**Required work**
All entries below must be output word for word, and the pictures left behind.
BEGIN
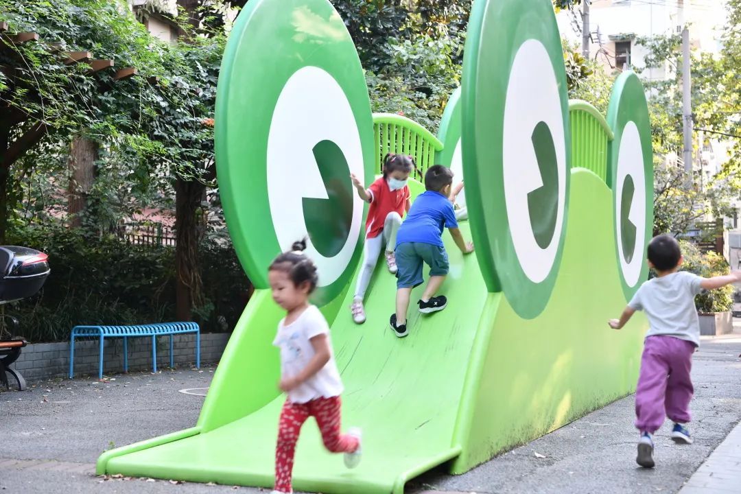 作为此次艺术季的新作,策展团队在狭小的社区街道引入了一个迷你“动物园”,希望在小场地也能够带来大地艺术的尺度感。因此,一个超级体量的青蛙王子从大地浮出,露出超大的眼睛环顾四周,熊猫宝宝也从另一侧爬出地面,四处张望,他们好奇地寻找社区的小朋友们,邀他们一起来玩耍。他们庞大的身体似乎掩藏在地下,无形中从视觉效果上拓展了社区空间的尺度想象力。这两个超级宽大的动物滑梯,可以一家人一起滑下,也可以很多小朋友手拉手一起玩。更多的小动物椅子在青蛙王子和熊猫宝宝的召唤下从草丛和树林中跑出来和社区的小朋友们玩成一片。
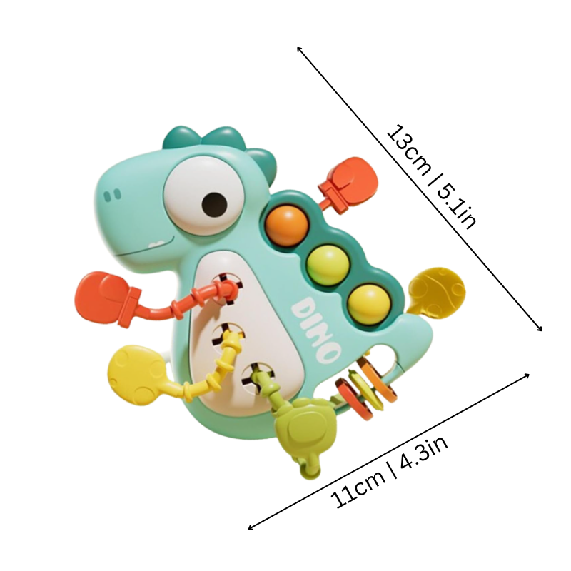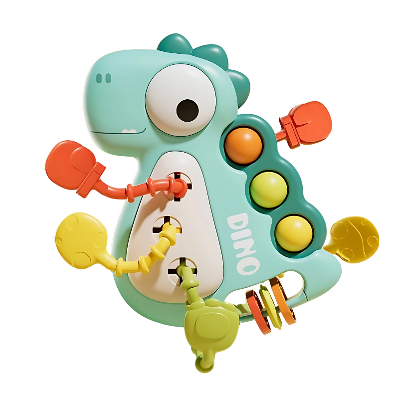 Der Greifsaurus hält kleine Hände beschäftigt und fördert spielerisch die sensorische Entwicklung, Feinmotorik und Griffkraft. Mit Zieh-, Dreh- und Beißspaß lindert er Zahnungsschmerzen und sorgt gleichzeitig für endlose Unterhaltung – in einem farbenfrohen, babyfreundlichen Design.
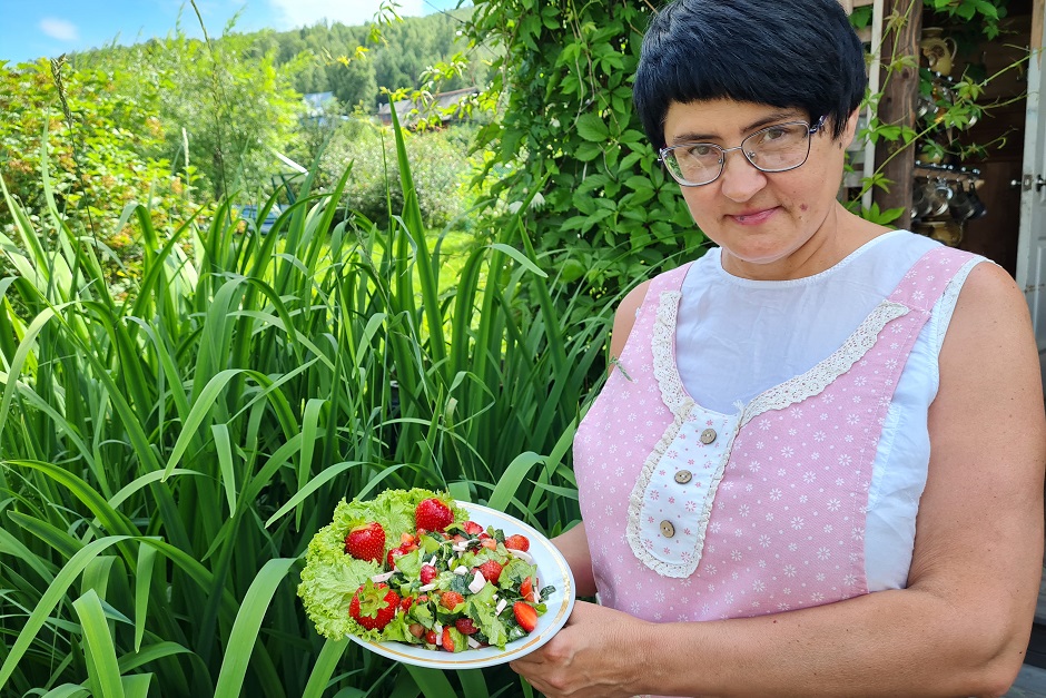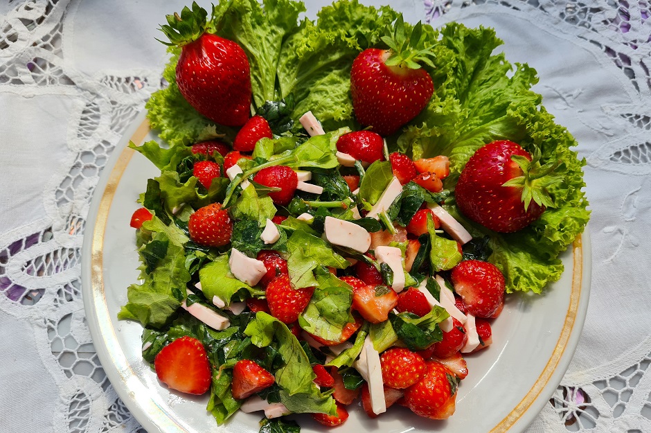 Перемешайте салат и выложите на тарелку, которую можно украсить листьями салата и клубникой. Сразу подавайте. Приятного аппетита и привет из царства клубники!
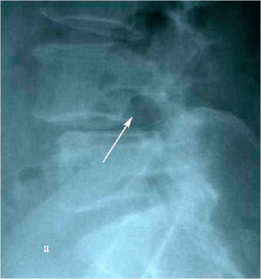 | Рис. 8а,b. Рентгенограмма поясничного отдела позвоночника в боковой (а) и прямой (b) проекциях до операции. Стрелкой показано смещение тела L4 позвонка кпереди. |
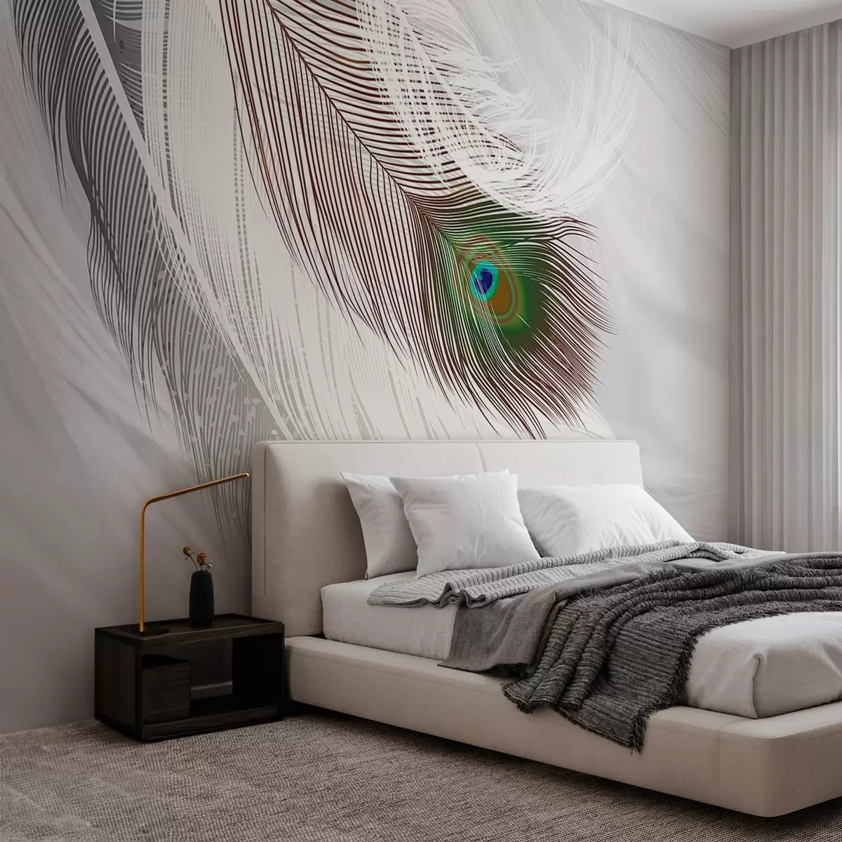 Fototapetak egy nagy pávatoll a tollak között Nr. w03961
END
**Response area**
 作为此次艺术季的新作,策展团队在狭小的社区街道引入了一个迷你“动物园”,希望在小场地也能够带来大地艺术的尺度感。因此,一个超级体量的青蛙王子从大地浮出,露出超大的眼睛环顾四周,熊猫宝宝也从另一侧爬出地面,四处张望,他们好奇地寻找社区的小朋友们,邀他们一起来玩耍。他们庞大的身体似乎掩藏在地下,无形中从视觉效果上拓展了社区空间的尺度想象力。这两个超级宽大的动物滑梯,可以一家人一起滑下,也可以很多小朋友手拉手一起玩。更多的小动物椅子在青蛙王子和熊猫宝宝的召唤下从草丛和树林中跑出来和社区的小朋友们玩成一片。
 Der Greifsaurus hält kleine Hände beschäftigt und fördert spielerisch die sensorische Entwicklung, Feinmotorik und Griffkraft. Mit Zieh-, Dreh- und Beißspaß lindert er Zahnungsschmerzen und sorgt gleichzeitig für endlose Unterhaltung – in einem farbenfrohen, babyfreundlichen Design.
 Перемешайте салат и выложите на тарелку, которую можно украсить листьями салата и клубникой. Сразу подавайте. Приятного аппетита и привет из царства клубники!
 | Рис. 8а,b. Рентгенограмма поясничного отдела позвоночника в боковой (а) и прямой (b) проекциях до операции. Стрелкой показано смещение тела L4 позвонка кпереди. |
 Fototapetak egy nagy pávatoll a tollak között Nr. w03961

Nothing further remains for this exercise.